Download or read book Communities Identities and Crime written by Basia Spalek and published by . This book was released on 2008 with total page 241 pages. Available in PDF, EPUB and Kindle. Book excerpt: This title provides a critical and refreshing perspective on the most significant developments in relation to equality and diversity issues that feature in the policies and practices of all criminal justice agencies.

Book Communities  Identities and Crime

Download or read book Communities Identities and Crime written by Basia Spalek and published by Policy Press. This book was released on 2008 with total page 248 pages. Available in PDF, EPUB and Kindle. Book excerpt: "Communities, identities and crime provides a critical exploration of the importance of social identities when considering crime, victimisation and criminal justice." "The book incorporates a broader theoretical focus, exploring identity theory, late modernity, identity constructions, communities and belongingness. The author also raises important theoretical and methodological issues that a focus upon social identities poses for the subject discipline of criminology." "The book is essential reading for postgraduate students of criminology, criminal justice, social policy, sociology, victimology and law. Undergraduate students and criminal justice practitioners will also find the book informative and researchers will value its theoretical and policy focus."--BOOK JACKET.

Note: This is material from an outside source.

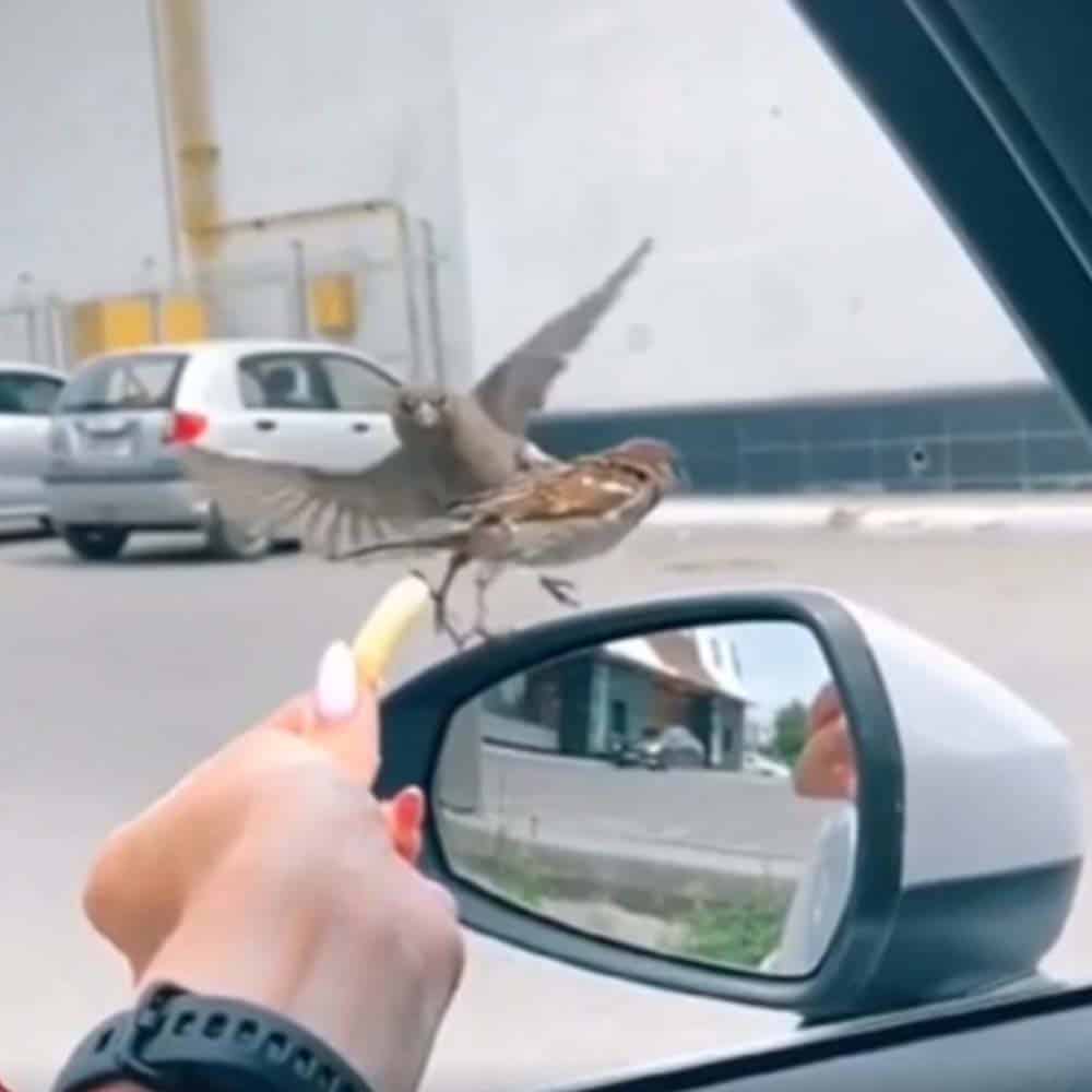 A recent viral video posted by Redditor jpatel35 showcased a dramatic battle over a potato fry. The clip captures a generous person extending the fry to a bird perched on her side mirror.

Book Criminal Careers and Communities in the United States

Download or read book Criminal Careers and Communities in the United States written by Cynthia Baiqing Zhang and published by Rowman & Littlefield. This book was released on 2023-07-10 with total page 239 pages. Available in PDF, EPUB and Kindle. Book excerpt: Using interviews, focus group discussions, and surveys from formerly and currently incarcerated people, this book examines criminal behavior through identity and community.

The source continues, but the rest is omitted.